End of public sector bonuses | The Common Union Front demonstrates again in Quebec

(Montreal) Common Front activists planned to gather at dawn Monday to denounce the Legault government’s decision to cut bonuses while tense negotiations continue between Quebec and the unions representing thousands of public sector workers.


A group of Common Front activists were to demonstrate in front of the Treasury Board offices in Quebec City on Monday from 7 a.m., according to a press release from the Common Front, which brings together the unions of the CSN, the CSQ, the FTQ and the APTS representing more than 420,000 Quebec government workers in the public sectors, education, health and social services as well as higher education.

The Common Front has been demanding for more than a year that several bonuses and measures be maintained for the duration of negotiations, but the provincial government announced earlier that certain bonuses affecting public sector workers would end on September 30.

A negotiation session should take place Monday morning and the Common Front “wishes to increase pressure so that the government agrees on the need to extend these bonuses”. He maintains that these bonuses represent thousands of dollars annually for workers.

“Seeing them use our bonuses as negotiating leverage is simply unacceptable,” says the Common Front press release.

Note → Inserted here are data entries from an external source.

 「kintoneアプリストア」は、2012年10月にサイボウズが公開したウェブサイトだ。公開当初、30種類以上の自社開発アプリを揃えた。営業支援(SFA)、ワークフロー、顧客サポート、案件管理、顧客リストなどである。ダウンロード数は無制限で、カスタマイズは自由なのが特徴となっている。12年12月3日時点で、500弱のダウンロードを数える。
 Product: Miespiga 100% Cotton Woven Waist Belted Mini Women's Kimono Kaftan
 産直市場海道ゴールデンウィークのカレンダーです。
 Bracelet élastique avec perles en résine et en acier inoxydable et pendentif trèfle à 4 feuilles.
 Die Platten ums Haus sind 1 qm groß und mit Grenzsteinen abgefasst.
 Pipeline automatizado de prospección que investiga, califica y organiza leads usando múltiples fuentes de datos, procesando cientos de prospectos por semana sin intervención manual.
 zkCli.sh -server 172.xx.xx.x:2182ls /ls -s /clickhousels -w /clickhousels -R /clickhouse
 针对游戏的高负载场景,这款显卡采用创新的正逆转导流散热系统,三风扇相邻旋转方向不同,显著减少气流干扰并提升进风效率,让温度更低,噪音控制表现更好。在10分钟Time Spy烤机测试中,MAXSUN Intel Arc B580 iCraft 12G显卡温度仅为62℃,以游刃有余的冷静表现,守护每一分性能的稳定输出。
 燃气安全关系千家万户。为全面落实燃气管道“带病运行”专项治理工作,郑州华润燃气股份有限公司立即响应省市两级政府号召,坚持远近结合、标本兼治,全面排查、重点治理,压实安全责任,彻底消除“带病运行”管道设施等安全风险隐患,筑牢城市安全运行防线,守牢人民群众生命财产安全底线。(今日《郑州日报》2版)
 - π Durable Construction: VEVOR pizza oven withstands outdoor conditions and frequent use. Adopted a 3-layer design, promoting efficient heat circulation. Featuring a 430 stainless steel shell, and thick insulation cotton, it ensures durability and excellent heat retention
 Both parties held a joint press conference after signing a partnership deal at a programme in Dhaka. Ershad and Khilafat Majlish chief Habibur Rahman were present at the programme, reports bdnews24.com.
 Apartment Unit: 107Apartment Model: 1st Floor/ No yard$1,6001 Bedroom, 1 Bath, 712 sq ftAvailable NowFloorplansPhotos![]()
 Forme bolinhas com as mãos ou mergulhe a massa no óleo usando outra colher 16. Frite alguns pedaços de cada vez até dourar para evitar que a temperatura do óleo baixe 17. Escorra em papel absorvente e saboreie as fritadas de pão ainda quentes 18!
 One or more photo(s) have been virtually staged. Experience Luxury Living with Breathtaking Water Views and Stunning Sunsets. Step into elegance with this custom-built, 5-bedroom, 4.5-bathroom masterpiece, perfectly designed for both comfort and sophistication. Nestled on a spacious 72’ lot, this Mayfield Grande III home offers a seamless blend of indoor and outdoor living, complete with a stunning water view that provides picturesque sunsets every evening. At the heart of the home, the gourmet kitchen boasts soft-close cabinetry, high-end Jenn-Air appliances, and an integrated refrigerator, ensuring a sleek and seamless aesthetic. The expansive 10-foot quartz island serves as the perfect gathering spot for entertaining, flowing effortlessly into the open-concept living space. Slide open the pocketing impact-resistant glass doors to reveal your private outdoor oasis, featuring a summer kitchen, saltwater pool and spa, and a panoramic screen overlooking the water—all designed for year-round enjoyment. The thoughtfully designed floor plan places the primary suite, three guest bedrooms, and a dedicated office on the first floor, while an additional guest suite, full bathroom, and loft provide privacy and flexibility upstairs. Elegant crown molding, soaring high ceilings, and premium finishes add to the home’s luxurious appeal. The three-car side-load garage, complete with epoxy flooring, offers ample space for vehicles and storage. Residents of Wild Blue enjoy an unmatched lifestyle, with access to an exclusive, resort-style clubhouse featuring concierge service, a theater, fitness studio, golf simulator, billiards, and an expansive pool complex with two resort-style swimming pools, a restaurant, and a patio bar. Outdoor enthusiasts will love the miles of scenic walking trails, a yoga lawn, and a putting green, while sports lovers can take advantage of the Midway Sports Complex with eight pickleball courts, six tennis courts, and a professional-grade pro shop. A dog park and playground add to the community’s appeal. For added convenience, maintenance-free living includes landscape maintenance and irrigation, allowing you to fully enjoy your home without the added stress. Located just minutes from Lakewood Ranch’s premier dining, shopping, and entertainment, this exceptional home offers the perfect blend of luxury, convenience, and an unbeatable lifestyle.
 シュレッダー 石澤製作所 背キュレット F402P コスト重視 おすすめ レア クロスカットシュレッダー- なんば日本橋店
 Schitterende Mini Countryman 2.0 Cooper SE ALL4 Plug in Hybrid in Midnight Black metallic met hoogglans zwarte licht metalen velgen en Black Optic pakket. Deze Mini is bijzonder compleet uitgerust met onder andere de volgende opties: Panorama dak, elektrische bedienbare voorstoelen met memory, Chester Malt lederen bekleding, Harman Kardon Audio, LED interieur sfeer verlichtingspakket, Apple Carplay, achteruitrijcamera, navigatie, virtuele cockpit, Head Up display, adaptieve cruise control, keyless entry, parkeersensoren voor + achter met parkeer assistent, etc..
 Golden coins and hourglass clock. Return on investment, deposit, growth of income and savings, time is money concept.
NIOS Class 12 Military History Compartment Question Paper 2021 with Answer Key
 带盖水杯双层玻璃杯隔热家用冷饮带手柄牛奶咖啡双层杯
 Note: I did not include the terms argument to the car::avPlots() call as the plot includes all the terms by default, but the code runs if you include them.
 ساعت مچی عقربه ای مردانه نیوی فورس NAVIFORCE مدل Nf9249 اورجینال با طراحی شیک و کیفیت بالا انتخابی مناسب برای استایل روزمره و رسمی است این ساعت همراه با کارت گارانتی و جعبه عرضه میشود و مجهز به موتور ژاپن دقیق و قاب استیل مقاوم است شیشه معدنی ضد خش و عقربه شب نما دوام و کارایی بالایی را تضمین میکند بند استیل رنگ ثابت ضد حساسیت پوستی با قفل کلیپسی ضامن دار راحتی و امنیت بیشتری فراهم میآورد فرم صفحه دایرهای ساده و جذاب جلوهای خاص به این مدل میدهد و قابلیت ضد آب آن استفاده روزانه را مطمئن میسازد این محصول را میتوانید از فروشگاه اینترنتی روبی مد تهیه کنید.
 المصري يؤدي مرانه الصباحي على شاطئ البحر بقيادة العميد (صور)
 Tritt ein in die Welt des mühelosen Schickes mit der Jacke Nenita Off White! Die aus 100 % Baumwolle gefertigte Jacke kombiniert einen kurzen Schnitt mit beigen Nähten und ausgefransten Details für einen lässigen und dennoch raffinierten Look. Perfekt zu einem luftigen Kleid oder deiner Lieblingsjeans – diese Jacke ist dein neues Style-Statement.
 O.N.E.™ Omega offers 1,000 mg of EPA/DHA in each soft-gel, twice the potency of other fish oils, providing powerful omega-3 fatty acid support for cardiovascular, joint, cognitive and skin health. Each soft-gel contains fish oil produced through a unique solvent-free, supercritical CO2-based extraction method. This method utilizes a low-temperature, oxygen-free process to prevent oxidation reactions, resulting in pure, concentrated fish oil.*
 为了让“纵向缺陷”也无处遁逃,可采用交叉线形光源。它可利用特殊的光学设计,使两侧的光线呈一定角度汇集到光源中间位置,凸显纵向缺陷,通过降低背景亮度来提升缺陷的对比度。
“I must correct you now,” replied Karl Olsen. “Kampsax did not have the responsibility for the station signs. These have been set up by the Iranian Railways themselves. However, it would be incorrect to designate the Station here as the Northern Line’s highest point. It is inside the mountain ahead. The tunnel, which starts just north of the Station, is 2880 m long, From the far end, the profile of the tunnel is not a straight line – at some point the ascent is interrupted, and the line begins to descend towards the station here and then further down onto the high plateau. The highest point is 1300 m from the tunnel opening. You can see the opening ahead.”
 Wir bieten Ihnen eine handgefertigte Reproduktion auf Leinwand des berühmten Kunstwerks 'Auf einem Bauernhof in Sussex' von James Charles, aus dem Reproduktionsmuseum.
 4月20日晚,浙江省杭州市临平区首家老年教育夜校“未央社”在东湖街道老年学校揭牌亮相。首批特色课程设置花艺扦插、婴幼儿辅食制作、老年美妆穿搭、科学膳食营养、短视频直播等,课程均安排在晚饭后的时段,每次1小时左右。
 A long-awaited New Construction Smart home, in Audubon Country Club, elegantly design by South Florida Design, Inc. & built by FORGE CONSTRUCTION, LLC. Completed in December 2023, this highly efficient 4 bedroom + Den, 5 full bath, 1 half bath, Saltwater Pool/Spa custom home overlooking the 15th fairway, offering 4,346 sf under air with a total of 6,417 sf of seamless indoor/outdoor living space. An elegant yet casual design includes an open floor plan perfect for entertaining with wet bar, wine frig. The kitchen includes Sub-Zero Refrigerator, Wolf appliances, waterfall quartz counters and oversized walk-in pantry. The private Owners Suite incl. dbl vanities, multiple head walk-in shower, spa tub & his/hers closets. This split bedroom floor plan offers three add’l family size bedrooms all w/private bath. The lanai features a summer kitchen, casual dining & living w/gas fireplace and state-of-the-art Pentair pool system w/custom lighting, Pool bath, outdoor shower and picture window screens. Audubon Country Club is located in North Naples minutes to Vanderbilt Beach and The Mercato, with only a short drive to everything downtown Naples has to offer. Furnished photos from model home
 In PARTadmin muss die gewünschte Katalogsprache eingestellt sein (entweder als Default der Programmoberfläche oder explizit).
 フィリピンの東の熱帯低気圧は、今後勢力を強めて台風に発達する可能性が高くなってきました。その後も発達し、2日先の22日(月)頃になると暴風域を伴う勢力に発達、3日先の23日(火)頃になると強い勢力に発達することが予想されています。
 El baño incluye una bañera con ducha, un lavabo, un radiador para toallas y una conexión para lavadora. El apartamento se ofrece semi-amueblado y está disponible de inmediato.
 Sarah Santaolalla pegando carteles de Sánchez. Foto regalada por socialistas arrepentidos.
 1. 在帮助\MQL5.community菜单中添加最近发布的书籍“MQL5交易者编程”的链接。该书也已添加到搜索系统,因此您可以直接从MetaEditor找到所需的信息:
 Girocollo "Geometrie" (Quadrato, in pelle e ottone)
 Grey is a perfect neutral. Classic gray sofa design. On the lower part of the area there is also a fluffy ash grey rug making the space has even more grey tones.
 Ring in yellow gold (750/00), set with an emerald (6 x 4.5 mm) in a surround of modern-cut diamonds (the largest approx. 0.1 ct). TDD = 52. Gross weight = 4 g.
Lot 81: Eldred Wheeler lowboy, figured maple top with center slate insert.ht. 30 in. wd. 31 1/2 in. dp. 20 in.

The unions are demanding improvements in working conditions, salary catch-up and protection against inflation. “We’ve had enough of the government’s arrogance, enough of the stupidity. After the major national demonstration at the end of the week, votes in general assemblies continue. If the government was looking for another good idea to fuel the discontent of workers, here is one,” reports the Common Front in its press release.

On Saturday, thousands of people marched through the streets of Montreal during the demonstration organized by the public sector inter-union common front.

Before the march, the President of the Treasury Board, Sonia LeBel, said she was ready to continue discussions, but felt that “we absolutely must organize the work in our schools and our hospitals in a more efficient way.”